Del resto, lo stesso aveva fatto Pisapia nel 2012 rispetto alla occupazione di un grattacielo milanese abbandonato da Ligresti, che il collettivo Macao voleva restituire alla fruibilità collettiva istituendovi fra l’ altro un centro di accoglienza autogestito per migranti proprio nei pressi della stazione Centrale.

Chiunque faccia due passi nel piazzale decorato dalla bella opera di Pistoletto si può render conto di quanto utile sarebbe stata una tale “innovazione sociale” per limitare l’ attuale disastro. Anche a Milano manganelli e scaricabarile, perché questi amministratori vili la responsabilità non le assumono mai.

Vogliamo parlare di Pisa dove, correva il 2013, una multinazionale predona in combutta con il Pd si voleva intascare la rendita fondiaria del Colorificio Toscano da essa stessa spolpato e abbandonato (con licenziamenti, delocalizzazione ecc.)? Anche lì una larga coalizione di movimenti benicomunisti in sei mesi aveva rigenerato l’ area industriale dismessa (laboratori, biblioteca, palestra, orto, asilo, mercato, scuola italiano per migranti..). Anche lì “innovazione sociale” spazzata via dalla proprietà privata estrattiva difesa a nostre spese dalla forza pubblica.

In tempi di astensionismo, la cittadinanza militante per i beni comuni (che è Politica, cosa ben diversa dal volontariato) andrebbe promossa. Lo sgombero del Forum Acqua, protagonista del referendum ultimo grande momento di partecipazione in Italia, mostra la sensibilità democratica trasversale dei nostri governanti.
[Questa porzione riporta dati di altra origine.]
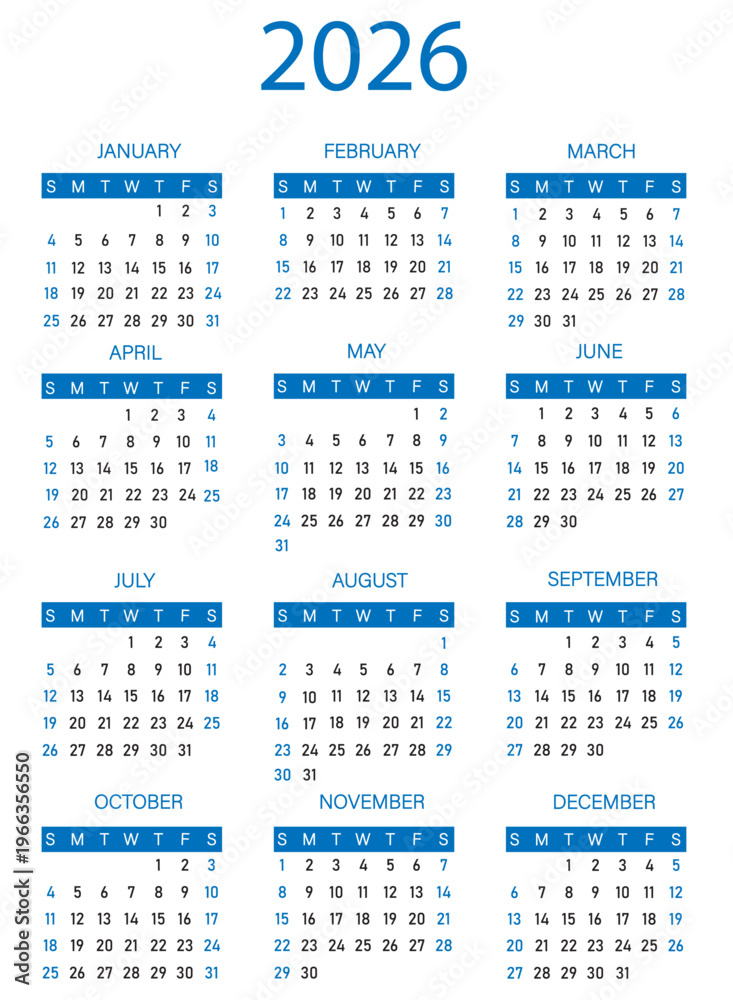 2026 calendar template with blue rectangle box | Three column month arrangement calendar visualization 2026 | Black and blue text vector illustration #1966356550
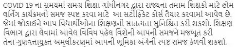 This Certificate Course has been prepared by the entire Shiksha Gandhinagar in the time of COVID 19 to clarify the understanding of Home Learning Program for all the teachers of the State. By joining, you will be able to ensure the continuity of students’ education. Strengthen your understanding of the various initiatives taken by the Department of Education and have a clear understanding of your role in its quality implementation.
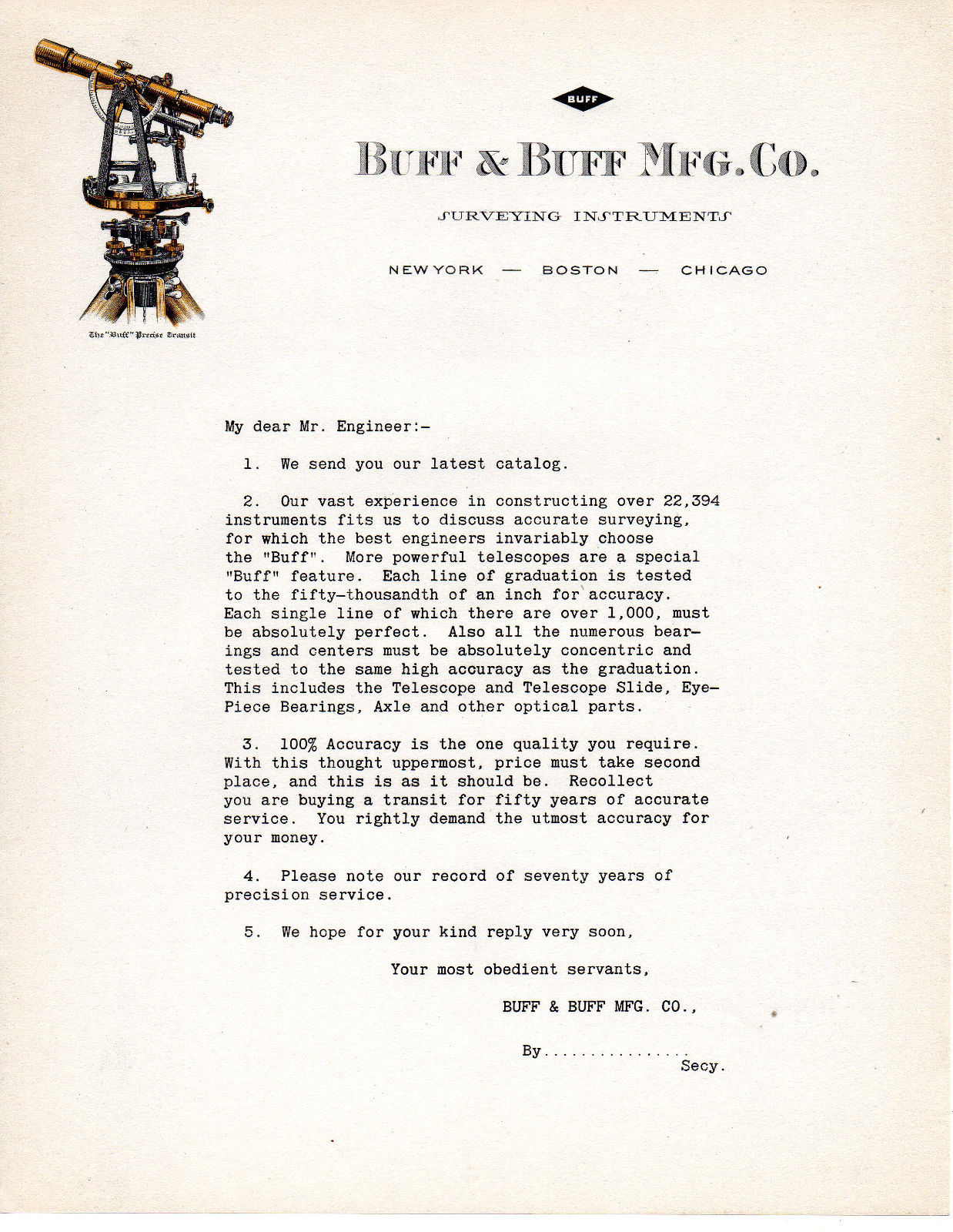 1900s BUFF & BUFF MFG, BOSTON MASSACHUSETTS SURVEYING EQUIPMENT COLOR LETTERHEAD
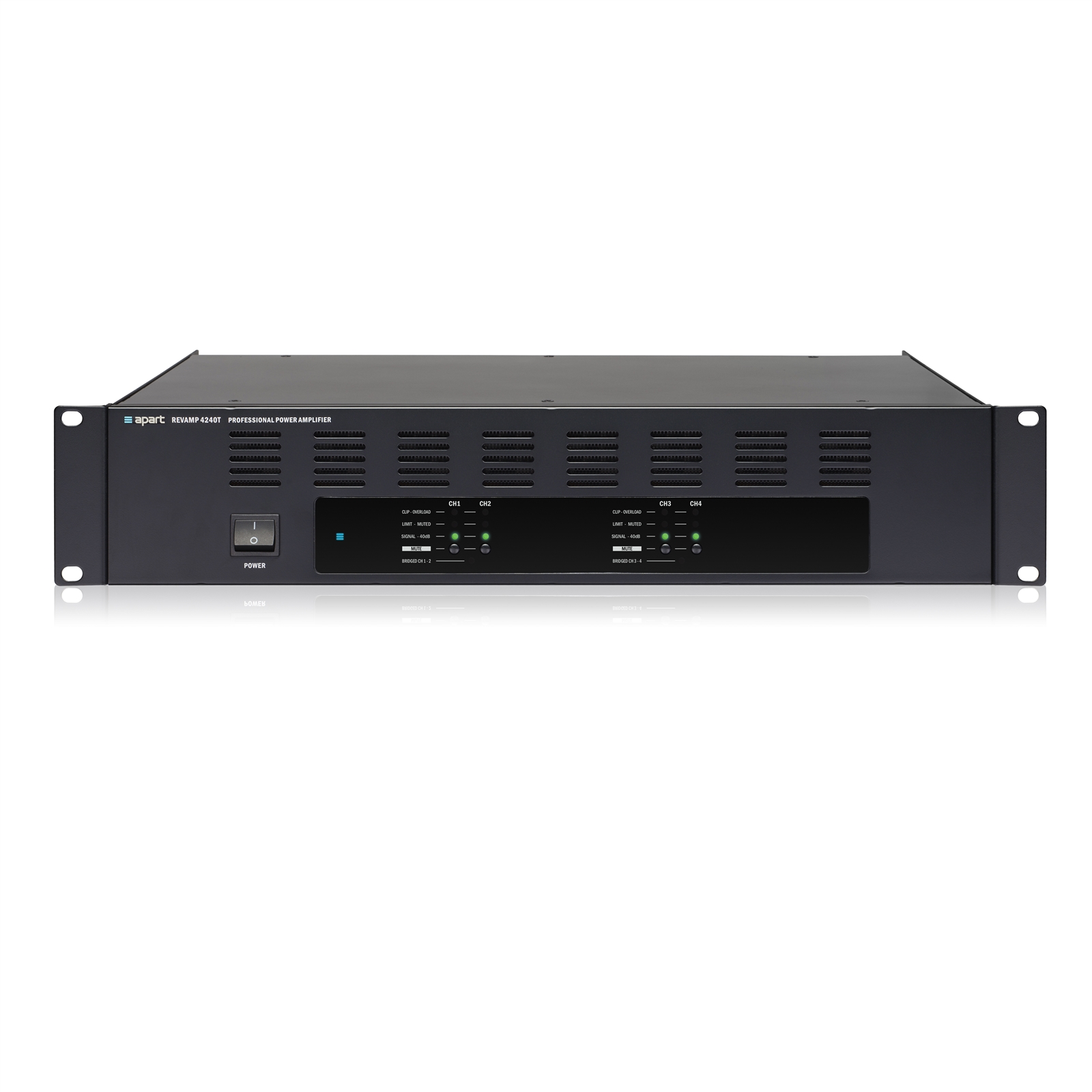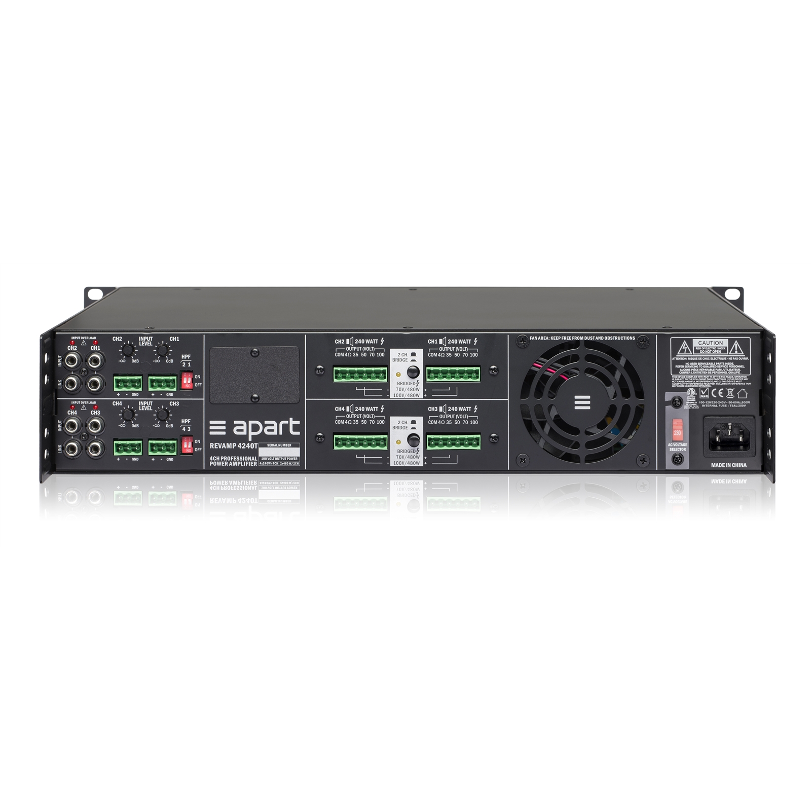REVAMP4240T is a professional 4-channel digital power amplifier with 4 x 240 watt output power @ 100 volt, but the unit is also bridgeable to 2 x 480 watts @ 100 volt. The unit incorporates a high efficient SMPS power supply and outputs with efficient Class D output topology.

Cade oggi il terzo compleanno dello sgombero (Pd) del Teatro Valle, l’esperienza che ha dato vita in tutta Italia alle occupazioni costituenti per i beni comuni, su cui tanti giuristi si sono spesi seguendo la guida del compianto Stefano Rodotà. Il Teatro più antico di Roma, vivissimo durante l’ occupazione, è ora un triste cantiere fermo. Se perfino Pigi Battista ha cambiato idea sulle occupazioni dei beni comuni possono davvero farlo tutti. Tranne, parrebbe, i sindaci legalisti dentro e fuori dal Pd.